## RECORDED DATA
# # # #
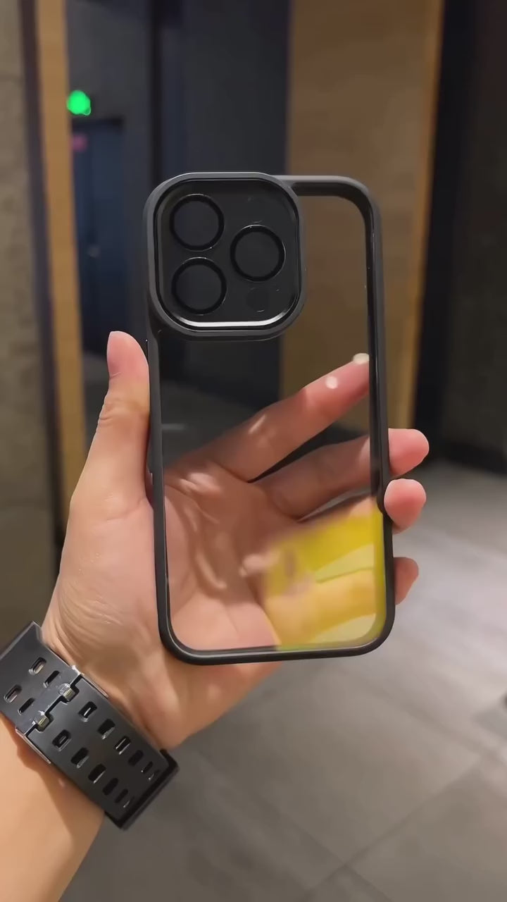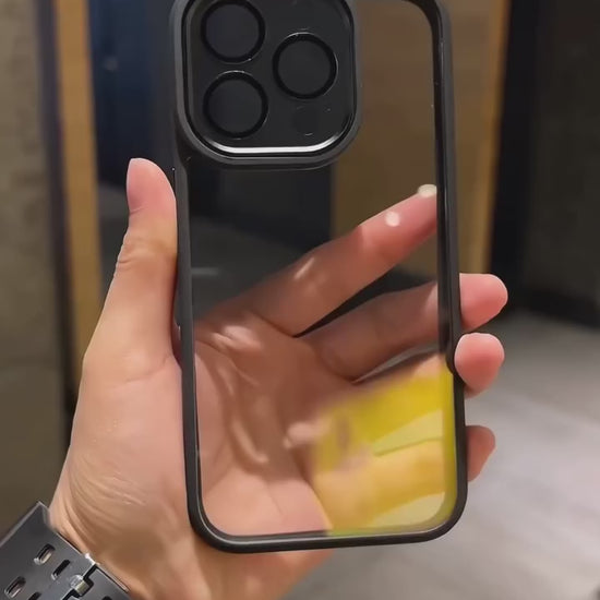 La Slim Clear Cover destaca por su diseño transparente y ultradelgado que realza el color original del iPhone sin añadir volumen. Su marco en tono negro crea un contraste elegante que resalta la cámara y los bordes, brindando un aspecto limpio y moderno.
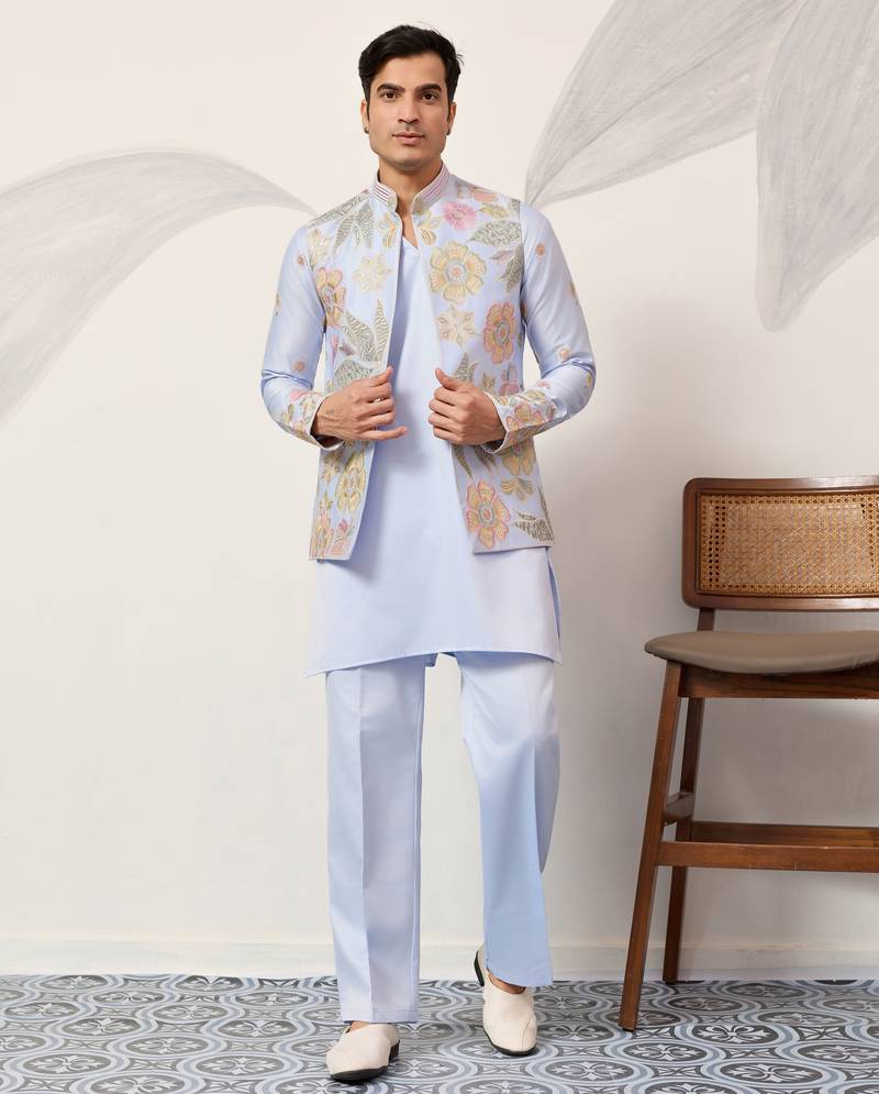 • Product Id : 4694438 • Package Details : 1 Kurta/1 Bottom/1 Jacket • Type : Nehru Jacket • Occasion : Wedding • Fabric : Satin • Work : Embroidered • Type : Thread Work • Look : Designer • Sleeve : Full Sleeve • Neck Style : Band Collar Neck Kameez • Bottom Fabric : Satin • Bottom Color : Sky Blue • Color : Sky Blue • Top Color : Blue • Top Fabric : Silk,Satin • Bottom Style : Pyjama • Stitching : Stitched Payments [+]
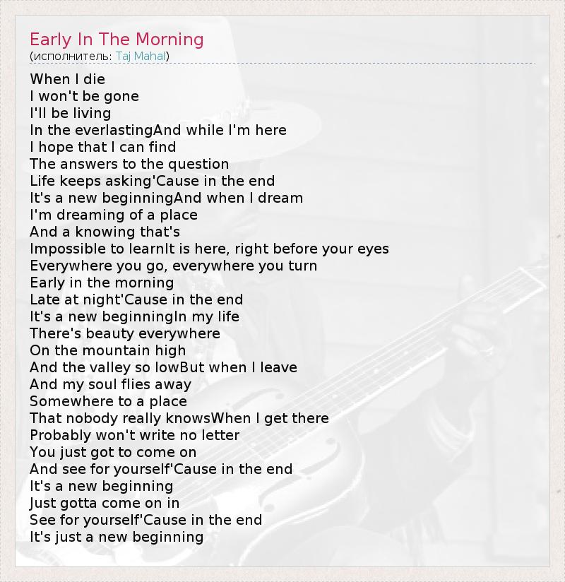 А как ты думаешь, о чем песня "Early In The Morning" ?
# # # #
## REQUIRED ACTION
Transcribe every line of the data exactly. No pictures go in the copy.

## FINISHED EXERCISE
 La Slim Clear Cover destaca por su diseño transparente y ultradelgado que realza el color original del iPhone sin añadir volumen. Su marco en tono negro crea un contraste elegante que resalta la cámara y los bordes, brindando un aspecto limpio y moderno.
 • Product Id : 4694438 • Package Details : 1 Kurta/1 Bottom/1 Jacket • Type : Nehru Jacket • Occasion : Wedding • Fabric : Satin • Work : Embroidered • Type : Thread Work • Look : Designer • Sleeve : Full Sleeve • Neck Style : Band Collar Neck Kameez • Bottom Fabric : Satin • Bottom Color : Sky Blue • Color : Sky Blue • Top Color : Blue • Top Fabric : Silk,Satin • Bottom Style : Pyjama • Stitching : Stitched Payments [+]
 А как ты думаешь, о чем песня "Early In The Morning" ?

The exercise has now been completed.